------ Entries shown
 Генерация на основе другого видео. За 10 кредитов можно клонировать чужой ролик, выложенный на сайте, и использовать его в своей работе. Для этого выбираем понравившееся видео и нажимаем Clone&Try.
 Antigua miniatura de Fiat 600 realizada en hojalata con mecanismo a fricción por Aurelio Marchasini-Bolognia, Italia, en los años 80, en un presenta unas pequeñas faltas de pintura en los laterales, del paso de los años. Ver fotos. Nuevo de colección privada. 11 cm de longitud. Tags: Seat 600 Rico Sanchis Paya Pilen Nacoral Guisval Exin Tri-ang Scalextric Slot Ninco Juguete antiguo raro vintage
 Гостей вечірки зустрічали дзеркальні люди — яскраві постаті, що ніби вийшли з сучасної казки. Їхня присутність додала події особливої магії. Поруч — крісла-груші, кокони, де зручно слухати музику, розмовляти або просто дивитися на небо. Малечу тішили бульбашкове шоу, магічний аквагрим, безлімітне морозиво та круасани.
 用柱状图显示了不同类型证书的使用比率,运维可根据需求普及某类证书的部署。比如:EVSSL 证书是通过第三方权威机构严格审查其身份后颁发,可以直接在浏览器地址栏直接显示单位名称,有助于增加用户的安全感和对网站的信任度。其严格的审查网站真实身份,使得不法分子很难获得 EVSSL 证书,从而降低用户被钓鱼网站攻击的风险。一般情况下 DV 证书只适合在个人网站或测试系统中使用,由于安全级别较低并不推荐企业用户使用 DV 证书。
------------
------ Entries shown
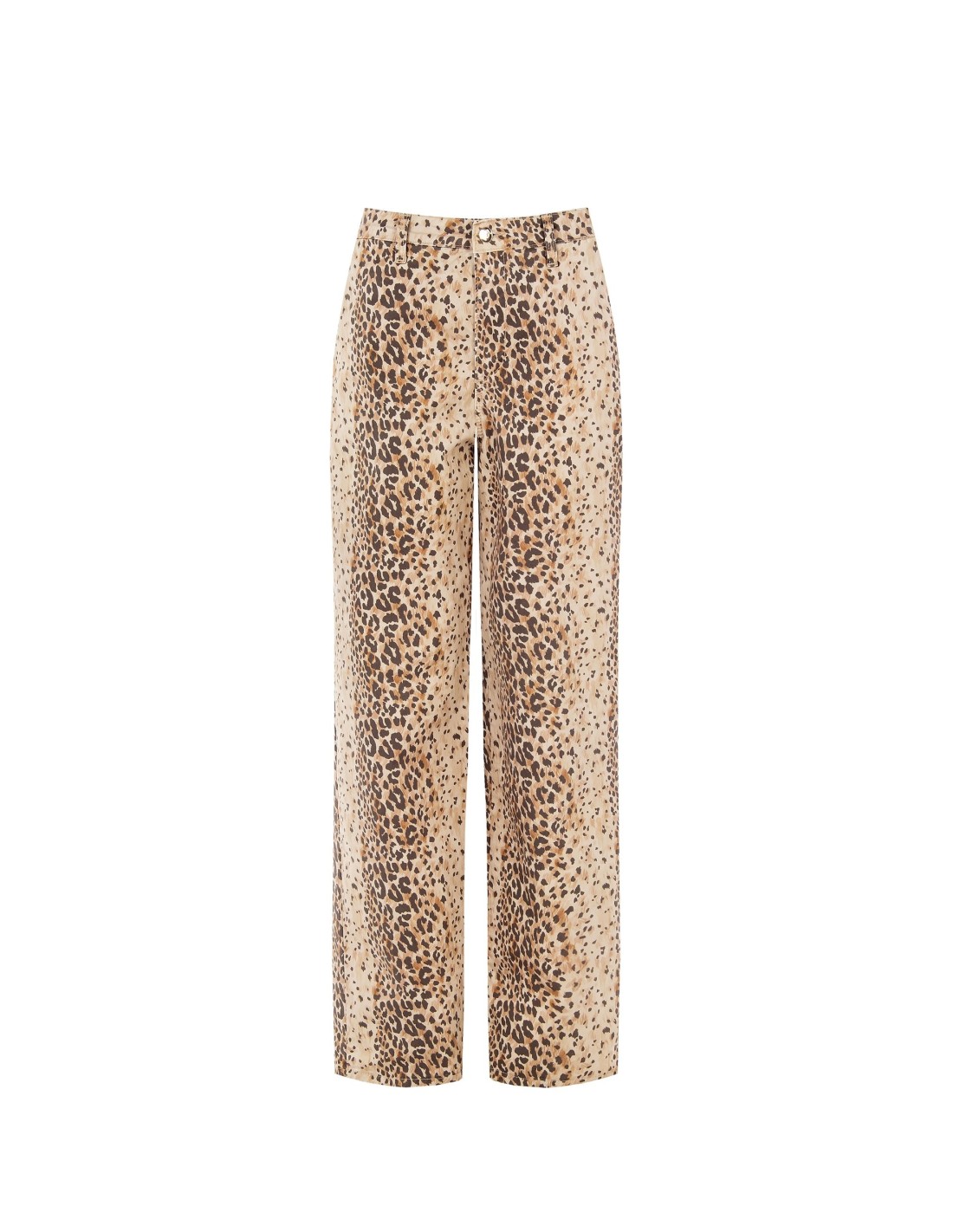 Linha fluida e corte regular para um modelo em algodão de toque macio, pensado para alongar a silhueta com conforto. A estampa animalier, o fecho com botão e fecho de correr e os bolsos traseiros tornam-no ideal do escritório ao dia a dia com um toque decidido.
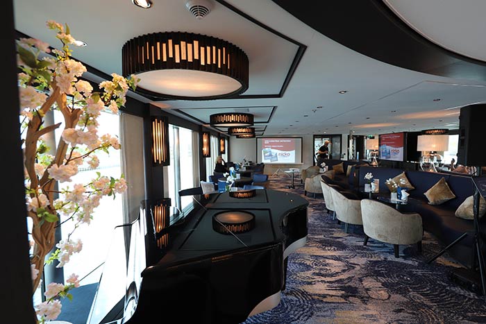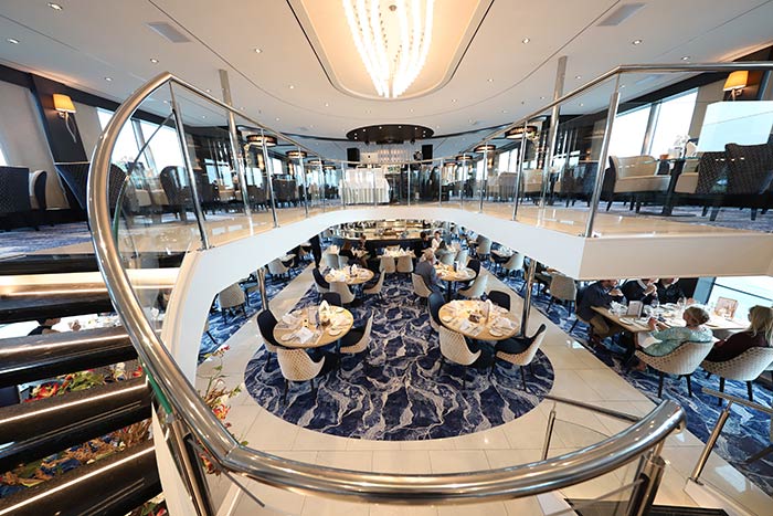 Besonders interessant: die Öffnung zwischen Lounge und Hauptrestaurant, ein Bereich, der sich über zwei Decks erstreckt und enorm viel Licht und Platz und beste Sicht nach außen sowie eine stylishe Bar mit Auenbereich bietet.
------------
• Task details:
Reproduce, exactly as they stand in the data above, the lines from the one that holds "Гостей вечірки зустрічали" to the one that holds "证书只适合在个人网站或测试系统中使用,由于安全级别较低并不推荐企业用户使用 DV 证书。", inclusive.

• The completed task:
 Гостей вечірки зустрічали дзеркальні люди — яскраві постаті, що ніби вийшли з сучасної казки. Їхня присутність додала події особливої магії. Поруч — крісла-груші, кокони, де зручно слухати музику, розмовляти або просто дивитися на небо. Малечу тішили бульбашкове шоу, магічний аквагрим, безлімітне морозиво та круасани.
 用柱状图显示了不同类型证书的使用比率,运维可根据需求普及某类证书的部署。比如:EVSSL 证书是通过第三方权威机构严格审查其身份后颁发,可以直接在浏览器地址栏直接显示单位名称,有助于增加用户的安全感和对网站的信任度。其严格的审查网站真实身份,使得不法分子很难获得 EVSSL 证书,从而降低用户被钓鱼网站攻击的风险。一般情况下 DV 证书只适合在个人网站或测试系统中使用,由于安全级别较低并不推荐企业用户使用 DV 证书。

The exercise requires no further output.